> **What you have to do**
Every entry must be given again exactly. Include no pictures.

> **Entries shown**
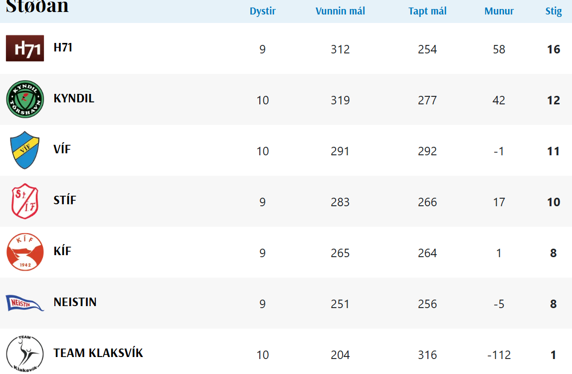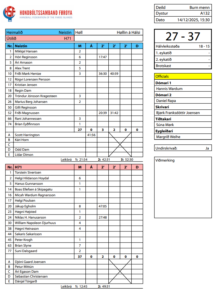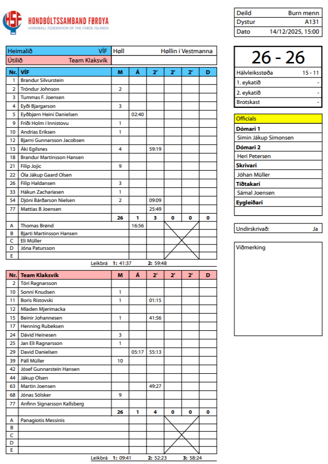 HER ber til frá HSF at síggja dómaraseðlarnar frá dagsins dystum, umframt støðuna:
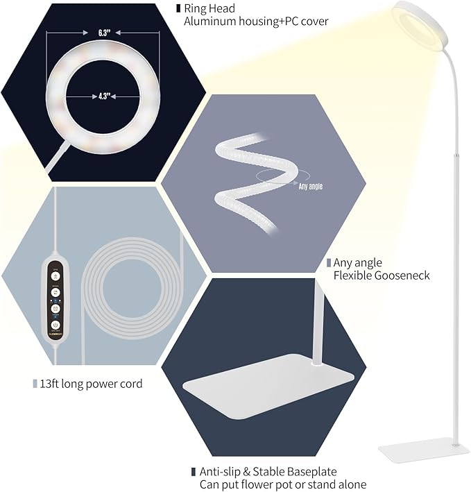 - 【Stable & Convenient Setup】The heavy, non-slip base keeps the grow light stable and secure. With a 13-foot power cord, you can easily place it anywhere—living rooms, bedrooms, offices, or balconies—perfect for all your indoor gardening needs.
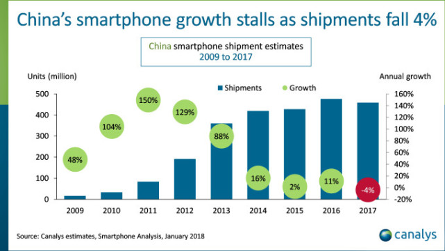 根据Canalys发布的一份最新统计报告显示,2017年中国智能手机市场首次出现年度总出货量下滑的态势。
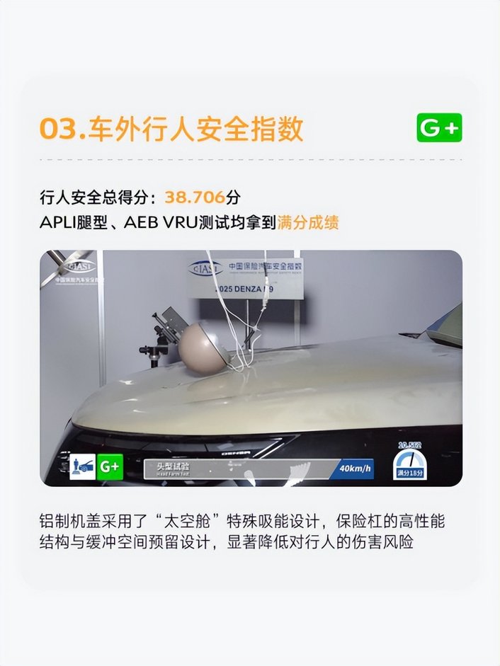 真正的安全,應(yīng)該是全方位的安全考量。騰勢(shì)N9獲得車外行人安全分指數(shù)G +評(píng)級(jí),行人安全總得分為38.706分,APLI腿型、AEB VRU測(cè)試均拿到滿分成績(jī)。這源于騰勢(shì)N9鋁制機(jī)蓋采用了“太空艙”特殊吸能設(shè)計(jì),保險(xiǎn)杠的高性能結(jié)構(gòu)與緩沖空間預(yù)留設(shè)計(jì),顯著降低對(duì)行人的傷害風(fēng)險(xiǎn),將安全從車內(nèi)延伸至車外,讓每一次出行都增添一份安心。
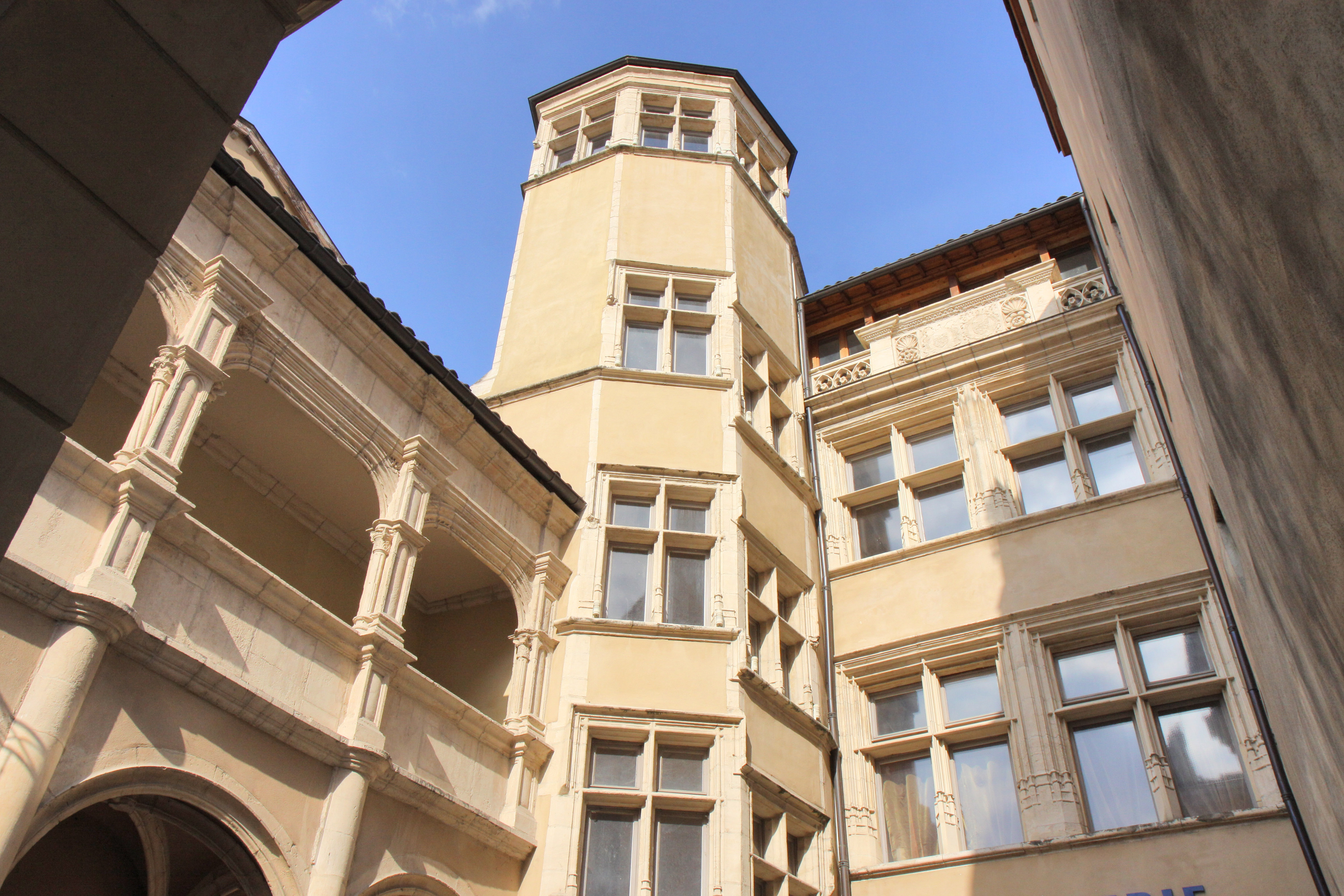 Un bel escalier à vis de forme octogonale mène à un belvédère qui domine la cité comme dans de nombreuses autres maisons. Un passage voûté conduit à une seconde cour spacieuse ornée de médaillons. Elle s’ouvre sur une porte cochère qui donne sur la « rue de derrière ».
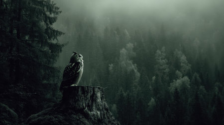 A stunning image capturing a solitary owl sitting on a tree stump amidst a misty forest. The dark green hues create a tranquil atmosphere, evoking a sense of mystery and serenity in nature.
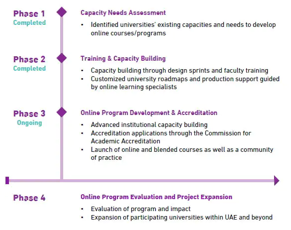 UCQOL aims to provide inclusive and innovative educational opportunities for Emirati and Arab youth. As the first consortium of its kind in the Arab region, UCQOL utilizes a multiphased approach to build the capacity of higher education institutions, enabling them to produce market-driven, student-centric, and accredited online programs.
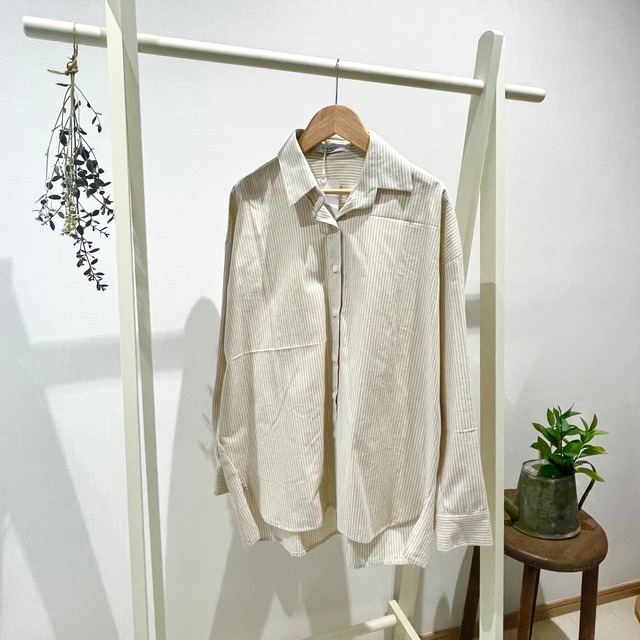 綿100%でさらりと着こなせるシンプルで深いスリット入りの ロングシャツです! 柔らかな素材が肌触り良く、ベージュストライプが柔らかい印象を与えます。 深いスリットの裾により動きやすさがプラスされて、ゆったりとリラックスしたシルエットは、ワイドパンツやデニムとも相性抜群です。 1枚でサラッと着られて、ボタンを外して着ればオーバーシャツとしても活用でき、後ろはお尻がすっぽり隠れる丈なので、ヒップラインが気になる方には安心して着こなせます。 お手持ちのアクセサリーやシューズと組み合わせて、より一層あなたらしいスタイルを楽しまれてはいかがでしょうか? ▶️写真のGパンはこちら https://hanatoyou.base.shop/items/97709786 ▶️写真のトートバッグはこちら https://hanatoyou.base.shop/items/88706498 <ブランド> HARMONY <製造国> 韓国 <素材> 綿100% <生地情報> 厚さ:普通、透け感:無し、伸縮性:なし <サイズ> ワンサイズ 着丈72cm 肩54cm 胸囲58cm 袖49.5cm ※平置きしての採寸です。 <カラー展開> ベージュストライプ <洗濯> ・漂白は色落ちの原因となりますので、おやめ下さい。 ・タンブラー乾燥は縮みの原因になりますのでお避けください。 ・家庭で洗濯する際は洗濯ネット使用し、単独洗濯して下さい。 ※写真の色の見え方など、撮影の際の明るさや環境、またお使いのデバイスなどにより、実物と写真のお色の見え方に違いが生じる場合がございますのでご了承下さい。 ※サイズ交換、返品不可になります。ご注文の際はご注意ください。 ※検品していますが、海外製品のため、若干の汚れ・傷等まれにございます。返品対象となりかねますのでご了承くださいませ。 ※お使いいただく中で、糸のほつれなど出る場合もございますので、ご理解の上、ご購入下さい。 詳しくは【ご購入前にお読み下さい】のページをご覧下さい。 何か質問、不明点などありましたら、お気軽にご連絡下さい。 #韓国ファッション #ストライプシャツ #大人カジュアル #リラックススタイル #ロングシャツ #コットンシャツ #hana_to_you_plus
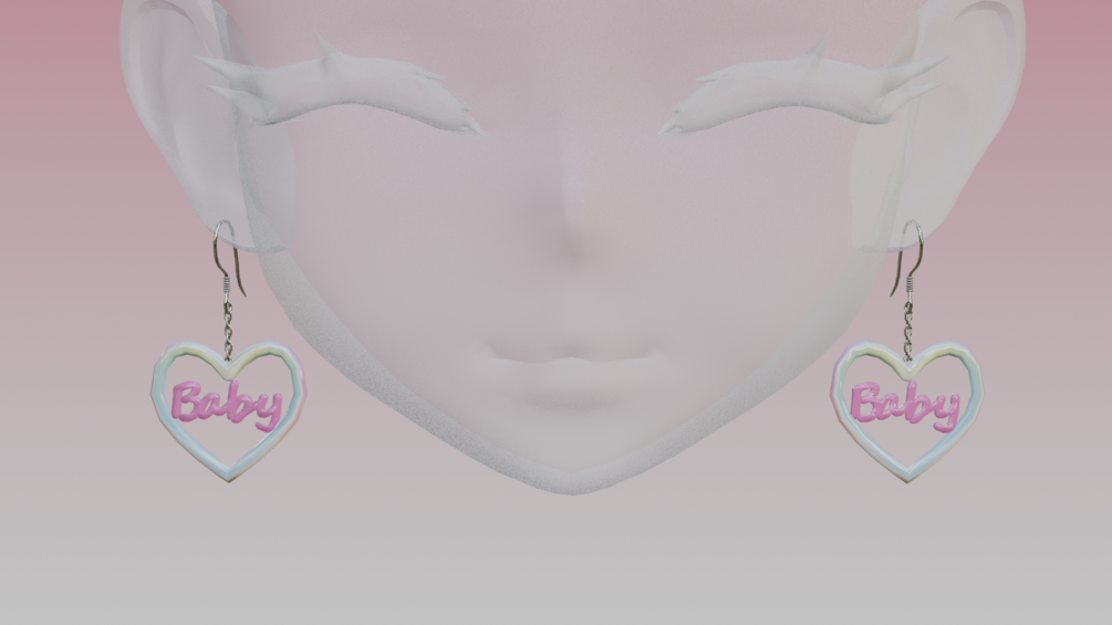 Heart shaped earrings with baby written in the middle~

> **Result of this task**
 HER ber til frá HSF at síggja dómaraseðlarnar frá dagsins dystum, umframt støðuna:
 - 【Stable & Convenient Setup】The heavy, non-slip base keeps the grow light stable and secure. With a 13-foot power cord, you can easily place it anywhere—living rooms, bedrooms, offices, or balconies—perfect for all your indoor gardening needs.
 根据Canalys发布的一份最新统计报告显示,2017年中国智能手机市场首次出现年度总出货量下滑的态势。
 真正的安全,應(yīng)該是全方位的安全考量。騰勢(shì)N9獲得車外行人安全分指數(shù)G +評(píng)級(jí),行人安全總得分為38.706分,APLI腿型、AEB VRU測(cè)試均拿到滿分成績(jī)。這源于騰勢(shì)N9鋁制機(jī)蓋采用了“太空艙”特殊吸能設(shè)計(jì),保險(xiǎn)杠的高性能結(jié)構(gòu)與緩沖空間預(yù)留設(shè)計(jì),顯著降低對(duì)行人的傷害風(fēng)險(xiǎn),將安全從車內(nèi)延伸至車外,讓每一次出行都增添一份安心。
 Un bel escalier à vis de forme octogonale mène à un belvédère qui domine la cité comme dans de nombreuses autres maisons. Un passage voûté conduit à une seconde cour spacieuse ornée de médaillons. Elle s’ouvre sur une porte cochère qui donne sur la « rue de derrière ».
 A stunning image capturing a solitary owl sitting on a tree stump amidst a misty forest. The dark green hues create a tranquil atmosphere, evoking a sense of mystery and serenity in nature.
 UCQOL aims to provide inclusive and innovative educational opportunities for Emirati and Arab youth. As the first consortium of its kind in the Arab region, UCQOL utilizes a multiphased approach to build the capacity of higher education institutions, enabling them to produce market-driven, student-centric, and accredited online programs.
 綿100%でさらりと着こなせるシンプルで深いスリット入りの ロングシャツです! 柔らかな素材が肌触り良く、ベージュストライプが柔らかい印象を与えます。 深いスリットの裾により動きやすさがプラスされて、ゆったりとリラックスしたシルエットは、ワイドパンツやデニムとも相性抜群です。 1枚でサラッと着られて、ボタンを外して着ればオーバーシャツとしても活用でき、後ろはお尻がすっぽり隠れる丈なので、ヒップラインが気になる方には安心して着こなせます。 お手持ちのアクセサリーやシューズと組み合わせて、より一層あなたらしいスタイルを楽しまれてはいかがでしょうか? ▶️写真のGパンはこちら https://hanatoyou.base.shop/items/97709786 ▶️写真のトートバッグはこちら https://hanatoyou.base.shop/items/88706498 <ブランド> HARMONY <製造国> 韓国 <素材> 綿100% <生地情報> 厚さ:普通、透け感:無し、伸縮性:なし <サイズ> ワンサイズ 着丈72cm 肩54cm 胸囲58cm 袖49.5cm ※平置きしての採寸です。 <カラー展開> ベージュストライプ <洗濯> ・漂白は色落ちの原因となりますので、おやめ下さい。 ・タンブラー乾燥は縮みの原因になりますのでお避けください。 ・家庭で洗濯する際は洗濯ネット使用し、単独洗濯して下さい。 ※写真の色の見え方など、撮影の際の明るさや環境、またお使いのデバイスなどにより、実物と写真のお色の見え方に違いが生じる場合がございますのでご了承下さい。 ※サイズ交換、返品不可になります。ご注文の際はご注意ください。 ※検品していますが、海外製品のため、若干の汚れ・傷等まれにございます。返品対象となりかねますのでご了承くださいませ。 ※お使いいただく中で、糸のほつれなど出る場合もございますので、ご理解の上、ご購入下さい。 詳しくは【ご購入前にお読み下さい】のページをご覧下さい。 何か質問、不明点などありましたら、お気軽にご連絡下さい。 #韓国ファッション #ストライプシャツ #大人カジュアル #リラックススタイル #ロングシャツ #コットンシャツ #hana_to_you_plus
 Heart shaped earrings with baby written in the middle~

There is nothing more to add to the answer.